Wow, so many thoughts on this...where to start? Personally, i definitely think its a regional thing. I live in one of the worst cities in the world for dating (NYC) and i've always joked for years that shows like Sex and The City screwed up New York women for a good generation or two. Every professional woman here thinks they are SJP and looking for their own Mr.Big. Except, they're not. New York has the largest collection of 5's and 6's who think they're deserving of 10's than anywhere else in the world. That in itself makes dating hard here. Their neurotic-ness has put some unbelievable expectations on men. A blue collar guy isn't considered attractive to them even though he has a steady job and benefits. I remember a buddy of mine was telling a story the other day about some women he overheard the other day at lunch joking about how they only date men who have an IRA or at least a six digit salary. All i could do was shake my head. You know why marriage is so fucked in this country?

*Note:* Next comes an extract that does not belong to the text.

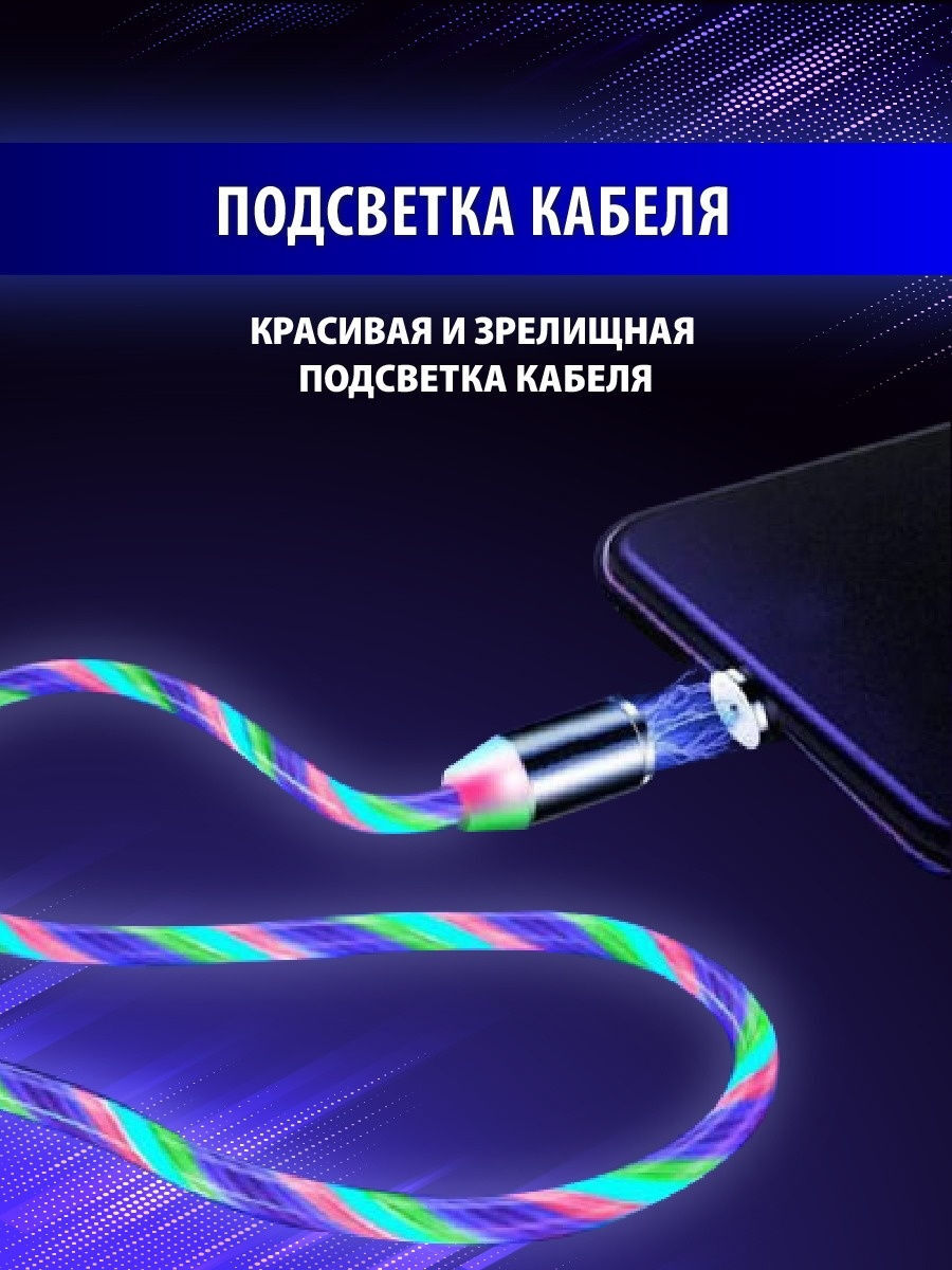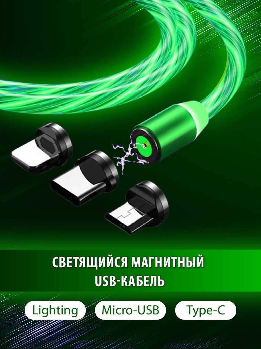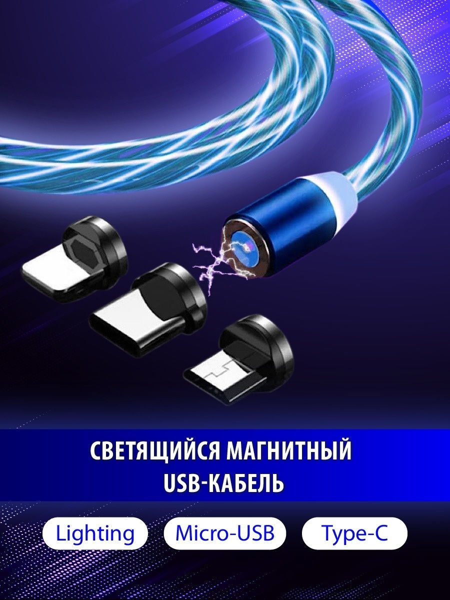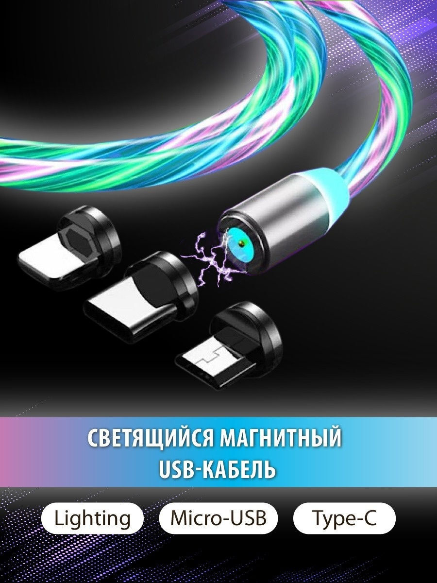 Магнитный светящийся USB-кабель для зарядки телефона 3 в 1.кабель на айфон,андроид,микро юсб, type-c

Because no one is willing to work together to make anything anymore. It has to come ready made and ready to ship out. I'm not absolving men at all as to why the state of most relationships today is a tragedy of super selfish proportions but women who "refuse to settle" are gonna keep waiting for that Mr. America float to show up and find that the whole parade has passed them by.

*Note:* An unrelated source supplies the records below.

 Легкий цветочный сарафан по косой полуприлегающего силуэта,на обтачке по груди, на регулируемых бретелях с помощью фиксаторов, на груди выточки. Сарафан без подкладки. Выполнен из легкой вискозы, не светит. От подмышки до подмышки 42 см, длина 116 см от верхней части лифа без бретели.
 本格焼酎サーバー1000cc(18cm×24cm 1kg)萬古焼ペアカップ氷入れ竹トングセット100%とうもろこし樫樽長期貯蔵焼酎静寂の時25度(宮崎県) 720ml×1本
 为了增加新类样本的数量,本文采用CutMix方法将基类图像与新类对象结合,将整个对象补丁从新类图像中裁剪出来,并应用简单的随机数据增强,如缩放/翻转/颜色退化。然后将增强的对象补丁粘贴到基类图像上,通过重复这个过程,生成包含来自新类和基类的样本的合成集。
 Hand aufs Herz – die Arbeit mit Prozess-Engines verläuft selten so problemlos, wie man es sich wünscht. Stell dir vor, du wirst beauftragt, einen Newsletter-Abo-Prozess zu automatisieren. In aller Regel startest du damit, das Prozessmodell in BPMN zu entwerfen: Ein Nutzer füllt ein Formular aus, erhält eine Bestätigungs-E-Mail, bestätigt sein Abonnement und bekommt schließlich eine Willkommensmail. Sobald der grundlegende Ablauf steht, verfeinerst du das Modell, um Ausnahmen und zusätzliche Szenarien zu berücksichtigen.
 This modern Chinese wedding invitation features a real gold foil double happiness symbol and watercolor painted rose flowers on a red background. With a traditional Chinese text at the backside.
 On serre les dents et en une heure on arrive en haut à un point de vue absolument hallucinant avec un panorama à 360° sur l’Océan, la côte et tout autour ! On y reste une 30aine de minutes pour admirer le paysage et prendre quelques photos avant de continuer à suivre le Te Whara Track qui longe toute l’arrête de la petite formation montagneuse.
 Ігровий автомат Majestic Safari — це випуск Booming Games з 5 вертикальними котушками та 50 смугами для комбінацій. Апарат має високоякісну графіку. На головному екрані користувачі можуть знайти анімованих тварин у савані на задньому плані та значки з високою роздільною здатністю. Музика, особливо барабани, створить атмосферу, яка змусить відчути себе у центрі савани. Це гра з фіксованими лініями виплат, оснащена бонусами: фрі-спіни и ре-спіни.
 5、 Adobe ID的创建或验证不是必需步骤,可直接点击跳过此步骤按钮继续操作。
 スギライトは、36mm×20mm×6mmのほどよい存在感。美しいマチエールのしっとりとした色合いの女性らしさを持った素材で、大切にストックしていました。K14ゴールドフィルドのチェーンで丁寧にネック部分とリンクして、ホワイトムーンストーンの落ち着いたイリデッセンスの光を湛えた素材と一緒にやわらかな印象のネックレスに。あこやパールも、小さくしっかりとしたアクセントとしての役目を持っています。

Truthfully in this area it happens a lot the only draw back is you have a bunch of women bitter because a friend they deem lesser than them gets a "Mr. Big" type(some dude on Wall St or who comes from money). They spend a lot of time wondering why they can't go on really nice vacations to places like Dubai or Turks and Cacos on some one elses dime even though many of them can afford to pay for themselves. Its a city wide epidemic. Dude was not lying when he said Sex and The City really fucked up the game for a generation or two. Not to mention the part about a bunch of 5s and 6s who think they're 10s, couldn't have phrased it better myself. The problem with places like NY is that there is an unbelievably large number of good looking people the bigger problem is: 1. Finding people with options who are truly willing to commit (a lot of cheating) 2. People who greatly over estimate their value. Its like going to an Ivy League school and being around a bunch of rich kids. Hanging out with them and having access to their lifestyle might delude you into believing that its your lifestyle too. You forget you have to work up to that level because you weren't born into that shit like they were. Let me also add I have to disagree on one thing. NY is great for dating but horrible for anything long term. Love rarely if ever exists in a place that's mostly about money and entertainment.

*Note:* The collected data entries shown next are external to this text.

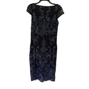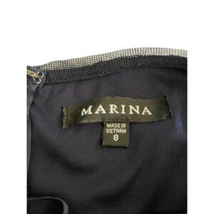 Marina Women's Formal Cocktail Party Dress Blue Sequin Embroidered Knee Length 8. Excellent Condition. No flaws. Color is navy blue which is accurately reflected in photos. 7 inch middle back slit. 42 inch length. Pit to pit measures 16 inches. Material is a nylon mesh accented with embroidered paisley pattern and accented with sequins. Beautiful pencil style dress. Perfect for mother of the bride, coctail party or any formal/party event with the upcoming holiday season.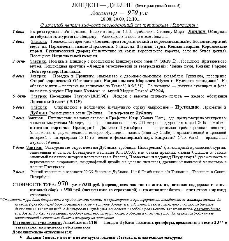 11 Июл 2014 17:59:32 ВЕЛИКОБРИТАНИЯ Лондон-Дублин 18.08 на 9д от 970 евро от фирмы ВИКТОРИЯ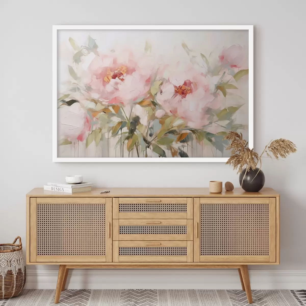 SākumlapaPlakātu katalogsPlakāti ziediPlakāts Eļļas glezna, kas imitē lielas rozā peonijas ar mīkstiem ziedlapiņām un dzelteniem centriem, ko ieskauj zaļas lapas Nr f42720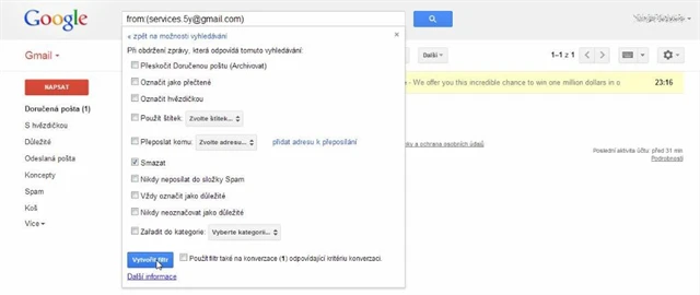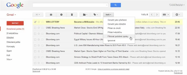 Pokud ochranu soukromí podceníte a vaše osobní či pracovní adresa se dostane do rukou spammerů, je většinou jedinou možností, jak v e-mailu znovu nastolit pořádek, filtrování nevyžádané pošty. V Gmailu stačí nevyžádanou zprávu označit a přes tlačítko Další zvolit Filtrovat podobné zprávy. Poté již záleží pouze na vás, co se se zprávami tohoto příjemce rozhodnete udělat. Nejlepší volbou je samozřejmě jejich okamžité smazání.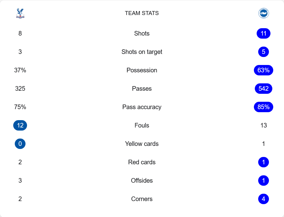 จากสถิติการแข่งขัน ไบรท์ตัน โฮฟ อัลเบี้ยน ครองบอลได้มากกว่าด้วยอัตราการครองบอลที่ 63% และการจ่ายบอลทั้งหมด 542 ครั้ง พร้อมความแม่นยำในการส่งบอลถึง 85% ขณะที่ คริสตัล พาเลซ ทำได้เพียงครองบอลที่ 37% และจ่ายบอลทั้งหมด 325 ครั้ง ด้วยความแม่นยำที่ 75%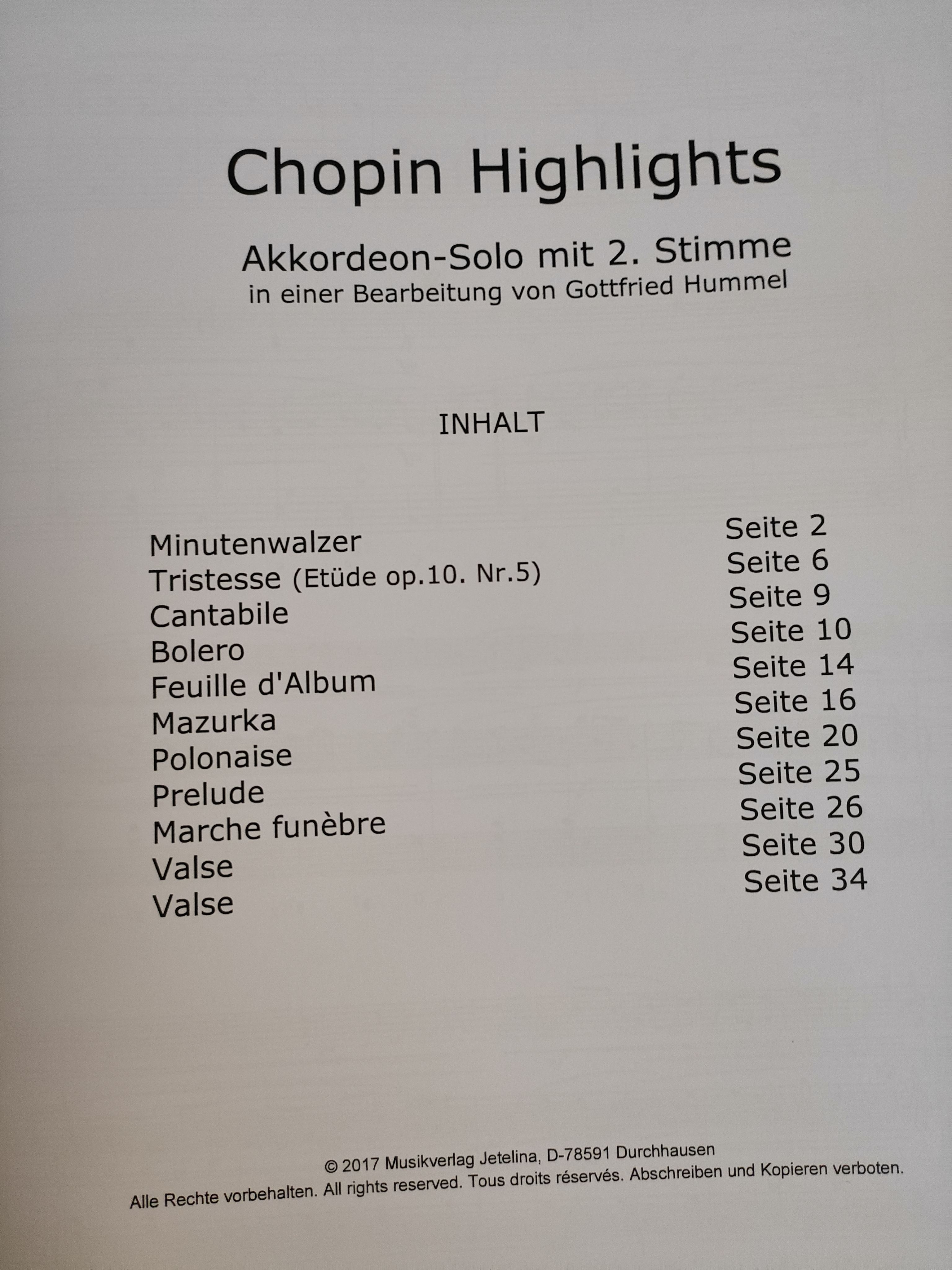 CHOPIN HIGHLIGHTS AKKORDEON iz kategorije skladbe sodi med odlične Klavirska.

You just supported my whole point with that last sentence. You are not where you want to be or think you should be physically and/or financially, yet your girl finds you desirable in spite of that. Your physical appearance and the size of your bank account are not her only priorities. A rarity in NY, perhaps, but you now know firsthand that we look for a man that we connect with on more than one or two levels. And men, if they're honest, will say the same thing. If a man wants a serious relationship, I have to think he will want more than someone whose beauty only goes skin deep.
Ches while I appreciate your sentiment a single instance not a trend does it make. Am I grateful and happy? Yes but I recognize this is far from the norm. Also I think we clatified earlier that the YT posters theories were more about single younger without kids. Women of ypur experience tend not to think that way.
I believe that post should be addressed to Panino, since he "insists" it does. (but never typed it in his posts). My 'yeah I noticed" and sarcasm smiley was, well sarcasm. Now why pray-tell would I want to make a thread like this one? I feel?? If you notice, we women have NOT been saying we pander to men - what I KEEP seeing from YOU however, is MEN PANDER to women. See the difference? Of course not.
u are rite on point. a lot of females have taken on that TV shit and believed it....a lot of men have gone way to0 far on the ends of the spectrum with that metrosexual bullshit or being a gangster rapper shit
Correct. And you know what else? Our girlfriends too. If you knew the heartache I and my girls have gone through for/over men, you wouldn't type what you all have been. And I know I don't speak alone. We don't expect our men to be these knights on horses. We meet our men halfway when we can, we have their backs, we love them and want to be loved by them. Don't let SITC or sitcoms fool you. That's NOT real life.
Is this about weight and looks again and about how average looking women say they are not picky yet want tall men but get mad when average men say they want women who have tight bodies? OH SNAP!!